Directions: Begin at the top of the entries below and write out every line through the one containing "很好,创建好了。镜像地址是c", excluding pictures.

#### Given records

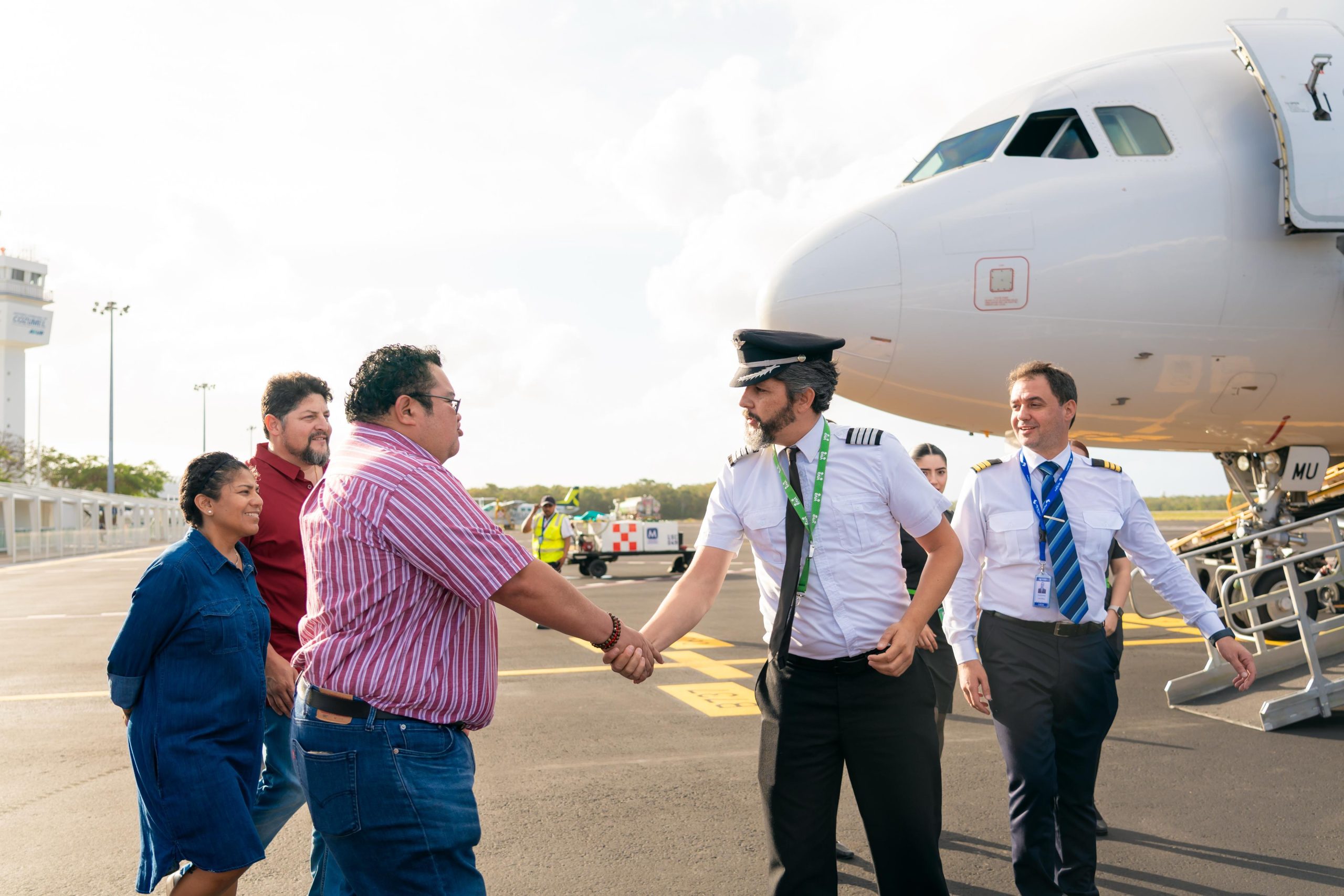 Acompañado por su esposa, la presidenta honoraria del Sistema DIF Cozumel, Diana Sosa Blanco, recibió a los primeros dos visitantes procedentes de la sultana del norte que descendieron de la aeronave con capacidad para 160 pasajeros.
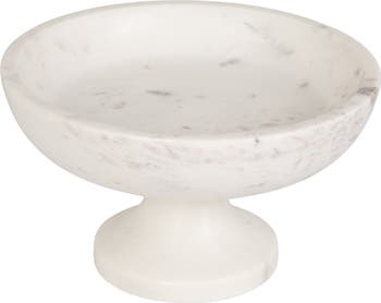 This footed bowl works great for display or serving purposes. Made out of marble and featuring a sleek white color, this modern bowl looks great on countertops. Perfect for storing fresh fruits or snacks, or for serving friends and family in style
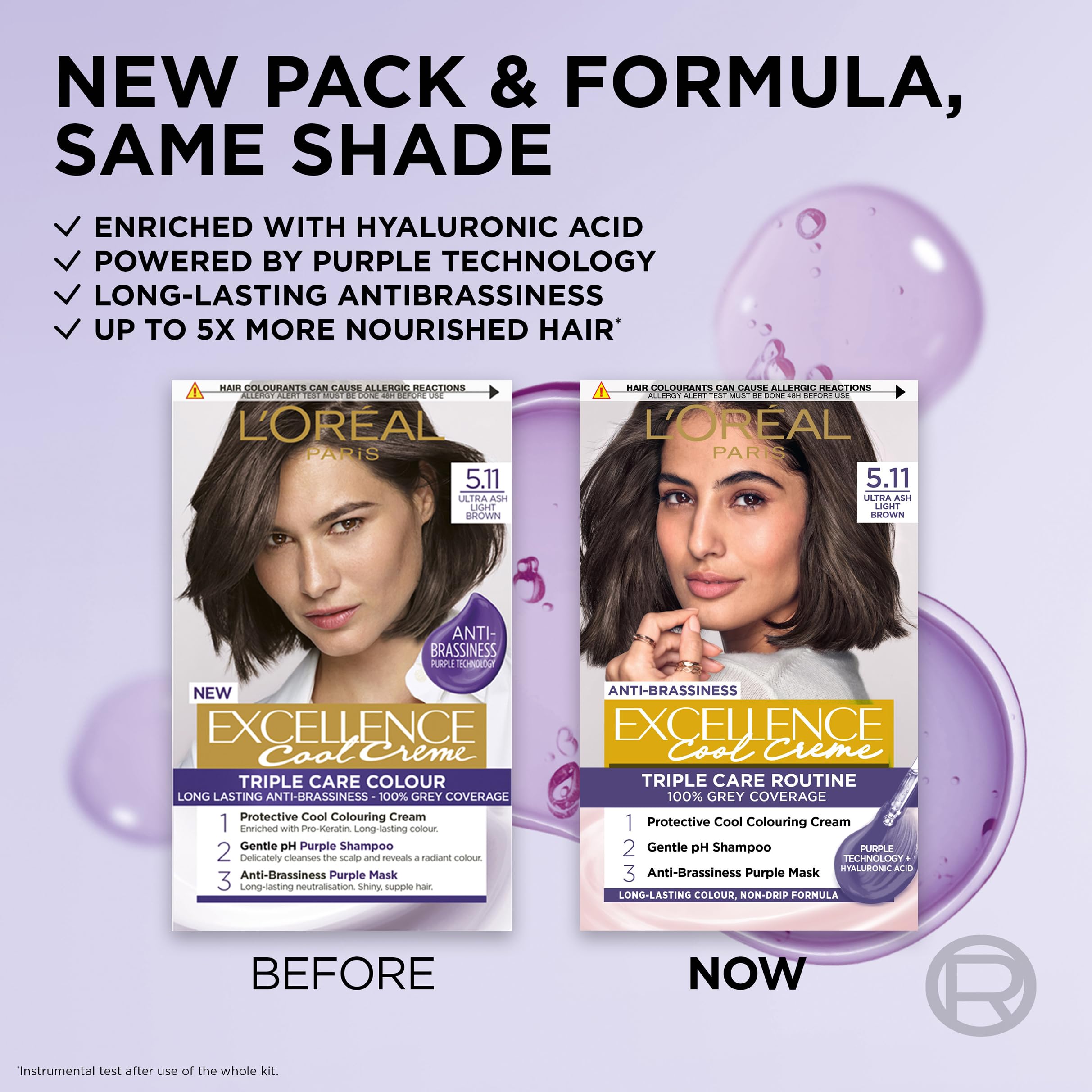 L’Oréal Paris Excellence Cool Crème Permanent Hair Dye, Radiant At-Home Hair Colour with up to 100% Grey Coverage, Pro-Keratin, Up to 8 Weeks of Colour, Colour: 5.11 Ultra Ash Light Brown
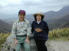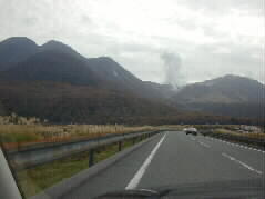 | 庄内町から九重町に出てきました。千町無田という所からやまなみハイウエイに出ました。 | やまなみハイウエイを走っていくと、正面に硫黄岳の噴煙が見えます。 |
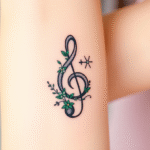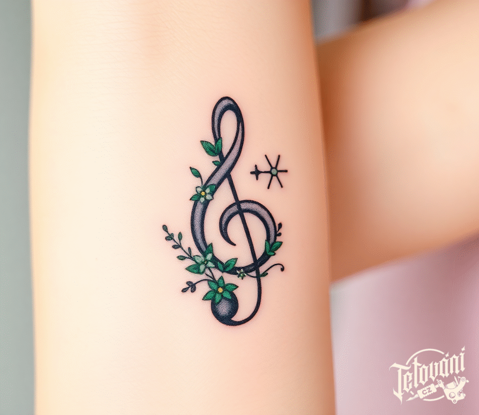 Tetování hudba, houslový klíč s květinkami na předloktí
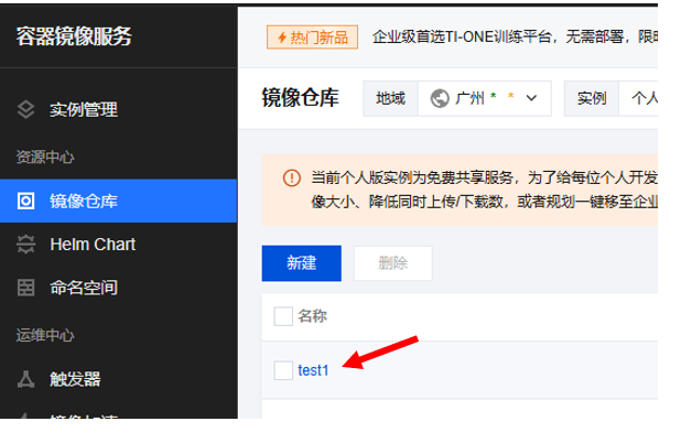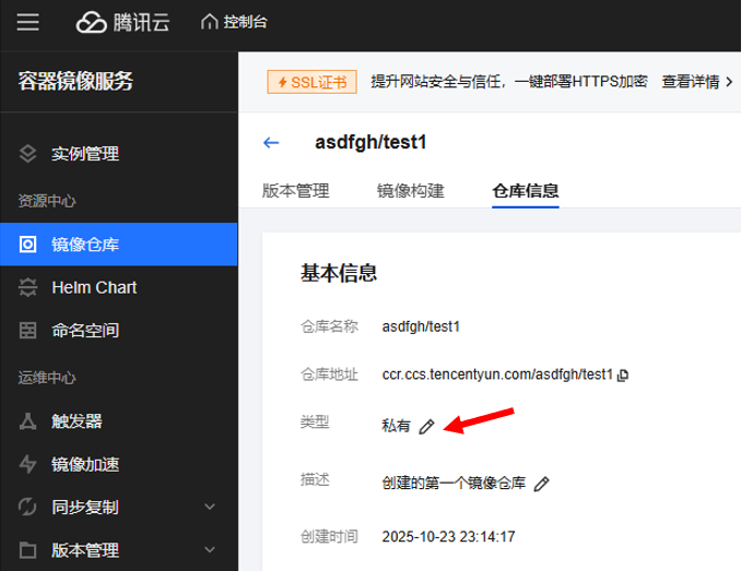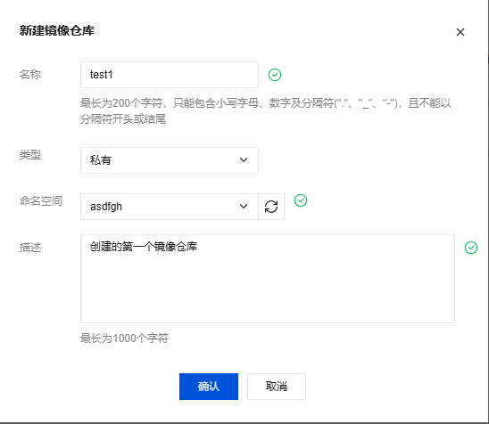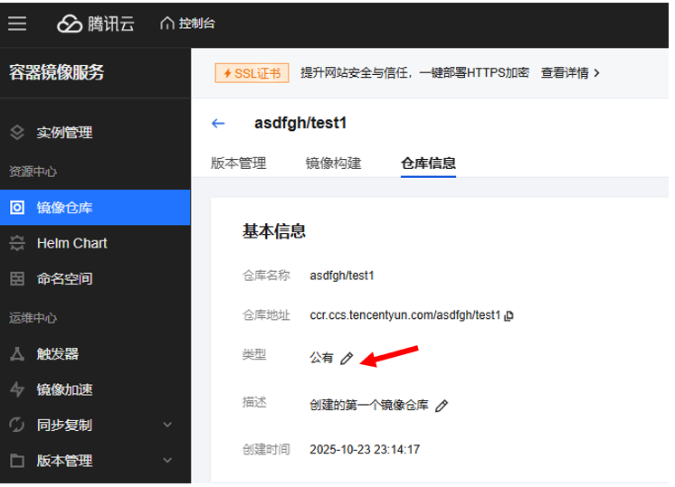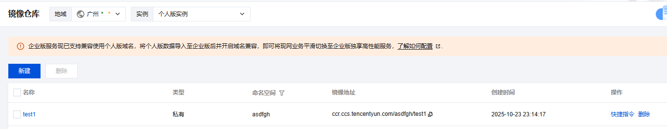 很好,创建好了。镜像地址是ccr.ccs.tencentyun.com/asdfgh/test1。
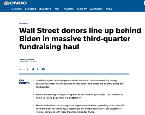 The other key components of this coalition are Silicon Valley giants and Wall Street, both of which overwhelmingly donated to the Biden/Harris campaign and the Democratic Party generally. The primary weapon tech companies offer is not just huge sums of money — though that of course is welcomed and useful — but information control: I continue to regard the decision of Twitter and Facebook to block and suppress the ability to disseminate The New York Post story on Hunter Biden’s laptop as one of the most shocking and alarming events of the last four years: political censorship cheered by most of the pro-Biden press.

########

Response to this task:
 Acompañado por su esposa, la presidenta honoraria del Sistema DIF Cozumel, Diana Sosa Blanco, recibió a los primeros dos visitantes procedentes de la sultana del norte que descendieron de la aeronave con capacidad para 160 pasajeros.
 This footed bowl works great for display or serving purposes. Made out of marble and featuring a sleek white color, this modern bowl looks great on countertops. Perfect for storing fresh fruits or snacks, or for serving friends and family in style
 L’Oréal Paris Excellence Cool Crème Permanent Hair Dye, Radiant At-Home Hair Colour with up to 100% Grey Coverage, Pro-Keratin, Up to 8 Weeks of Colour, Colour: 5.11 Ultra Ash Light Brown
 | 庄内町から九重町に出てきました。千町無田という所からやまなみハイウエイに出ました。 | やまなみハイウエイを走っていくと、正面に硫黄岳の噴煙が見えます。 |
 Tetování hudba, houslový klíč s květinkami na předloktí
 很好,创建好了。镜像地址是ccr.ccs.tencentyun.com/asdfgh/test1。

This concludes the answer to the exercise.